- [Dataset records]
• • • • • • •

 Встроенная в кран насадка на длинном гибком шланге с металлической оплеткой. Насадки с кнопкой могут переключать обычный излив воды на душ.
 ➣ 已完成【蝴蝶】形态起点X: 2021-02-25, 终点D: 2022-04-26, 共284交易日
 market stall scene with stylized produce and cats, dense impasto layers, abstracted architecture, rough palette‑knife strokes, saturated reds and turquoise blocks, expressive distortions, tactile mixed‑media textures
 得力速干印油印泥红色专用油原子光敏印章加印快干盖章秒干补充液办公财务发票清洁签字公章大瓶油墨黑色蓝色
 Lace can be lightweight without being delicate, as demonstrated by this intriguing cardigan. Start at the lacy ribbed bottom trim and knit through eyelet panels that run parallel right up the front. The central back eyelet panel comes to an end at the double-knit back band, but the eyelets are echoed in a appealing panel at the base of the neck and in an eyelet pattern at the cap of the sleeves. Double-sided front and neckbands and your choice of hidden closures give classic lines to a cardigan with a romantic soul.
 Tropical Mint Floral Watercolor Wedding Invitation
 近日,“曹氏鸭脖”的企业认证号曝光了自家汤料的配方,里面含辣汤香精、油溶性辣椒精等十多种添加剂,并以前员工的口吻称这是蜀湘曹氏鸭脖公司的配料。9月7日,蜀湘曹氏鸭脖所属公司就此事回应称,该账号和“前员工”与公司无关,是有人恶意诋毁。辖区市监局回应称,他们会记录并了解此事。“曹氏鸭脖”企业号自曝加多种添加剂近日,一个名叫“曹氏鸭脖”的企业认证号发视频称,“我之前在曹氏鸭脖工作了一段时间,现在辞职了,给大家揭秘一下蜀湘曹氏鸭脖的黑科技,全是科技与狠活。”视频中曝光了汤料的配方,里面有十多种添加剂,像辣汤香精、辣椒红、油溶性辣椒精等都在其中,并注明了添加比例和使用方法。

• • • • • • •

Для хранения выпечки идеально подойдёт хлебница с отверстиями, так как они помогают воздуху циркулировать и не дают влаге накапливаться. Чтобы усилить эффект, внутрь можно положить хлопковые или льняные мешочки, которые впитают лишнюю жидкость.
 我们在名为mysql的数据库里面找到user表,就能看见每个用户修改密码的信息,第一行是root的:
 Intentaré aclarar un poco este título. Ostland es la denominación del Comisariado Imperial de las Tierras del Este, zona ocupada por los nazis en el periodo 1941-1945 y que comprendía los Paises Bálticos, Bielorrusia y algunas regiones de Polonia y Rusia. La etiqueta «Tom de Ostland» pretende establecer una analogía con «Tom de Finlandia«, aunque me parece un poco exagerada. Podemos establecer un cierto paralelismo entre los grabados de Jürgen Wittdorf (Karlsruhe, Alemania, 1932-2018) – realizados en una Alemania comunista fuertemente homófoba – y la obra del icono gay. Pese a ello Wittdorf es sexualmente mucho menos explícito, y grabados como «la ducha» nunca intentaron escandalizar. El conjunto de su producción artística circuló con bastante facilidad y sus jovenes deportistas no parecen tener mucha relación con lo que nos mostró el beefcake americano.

• • • • • • •

- [Goal of the exercise] In the listing above, locate the line with "Lace can be" and the line with "Tropical Mint Floral", then extract exactly those lines and every line between them, and nothing more.

- [Answer to this exercise]
 Lace can be lightweight without being delicate, as demonstrated by this intriguing cardigan. Start at the lacy ribbed bottom trim and knit through eyelet panels that run parallel right up the front. The central back eyelet panel comes to an end at the double-knit back band, but the eyelets are echoed in a appealing panel at the base of the neck and in an eyelet pattern at the cap of the sleeves. Double-sided front and neckbands and your choice of hidden closures give classic lines to a cardigan with a romantic soul.
 Tropical Mint Floral Watercolor Wedding Invitation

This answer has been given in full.